Securing software supply chains is a growing challenge due to the inadequacy of existing datasets in capturing the complexity of next-gen attacks, such as multiphase malware execution, remote access activation, and dynamic payload generation. Existing datasets, which rely on metadata inspection and static code analysis, are inadequate for detecting such attacks. This creates a critical gap because these datasets do not capture what happens during and after a package is installed. To address this gap, we present QUT-DV25, a dynamic analysis dataset specifically designed to support and advance research on detecting and mitigating supply chain attacks within the Python Package Index (PyPI) ecosystem. This dataset captures install and post-install-time traces from 14,271 Python packages, of which 7,127 are malicious. The packages are executed in an isolated sandbox environment using an extended Berkeley Packet Filter (eBPF) kernel and user-level probes.
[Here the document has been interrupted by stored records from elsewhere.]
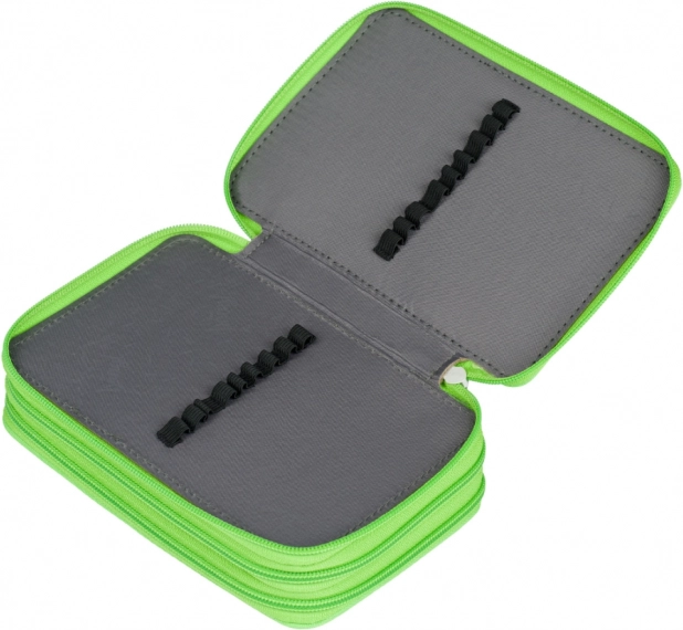 Baagli koolipinal on ideaalne kaaslane igale koolilapsele. Kolmekorruseline jaotus võimaldab kõigi kirjutusvahendite hõlpsat organiseerimist. See on varustatud kohandatud kummipaeladega, mis sobivad ka jämedamate värvipliiatsite ja markerite jaoks. Lisaks tagab tugevdatud selg lihtsa käsitsemise sulgemisel.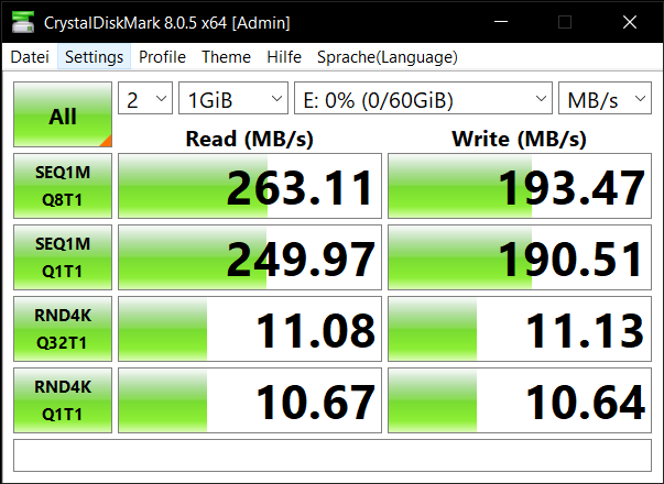 Kurioserweise ist mir heute aufgefallen, dass die synthetischen Schreibwerte meines USB Sticks steigen, je mehr Speicherplatz belegt ist. Die Lesewerte sind erstaunlich konstant. Alle Benchmarks habe ich mehrfach ausgeführt: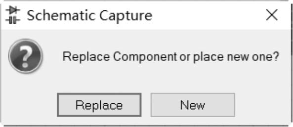 若要用另一元器件代替已放置好的元器件,则可以将另一元器件拖动到该元器件上,且保证有一个引脚正好重叠,此时单击将会出现如图2-32所示的界面,单击“Replace”按钮即可完成替换。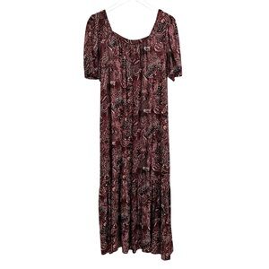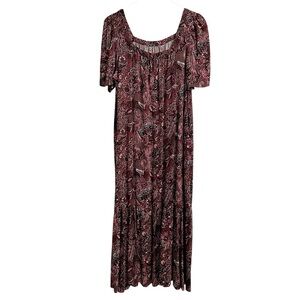 Anthropologie Maeve Lisabetta Paisley Bohemian Midi Maxi Dress Burg Pink Black Small. Square neck with a puffed short sleeve. Side zipper. Relaxed, loose fit. 100% Viscose. Satiny feel. Machine wash. Approximate length from shoulder to hem 50”. In excellent condition.

It captures 36 real-time features, that includes system calls, network traffic, resource usages, directory access patterns, dependency logs, and installation behaviors, enabling the study of next-gen attack vectors. ML analysis using the QUT-DV25 dataset identified four malicious PyPI packages previously labeled as benign, each with thousands of downloads. These packages deployed covert remote access and multi-phase payloads, were reported to PyPI maintainers, and subsequently removed. This highlights the practical value of QUT-DV25, as it outperforms reactive, metadata, and static datasets, offering a robust foundation for developing and benchmarking advanced threat detection within the evolving software supply chain ecosystem.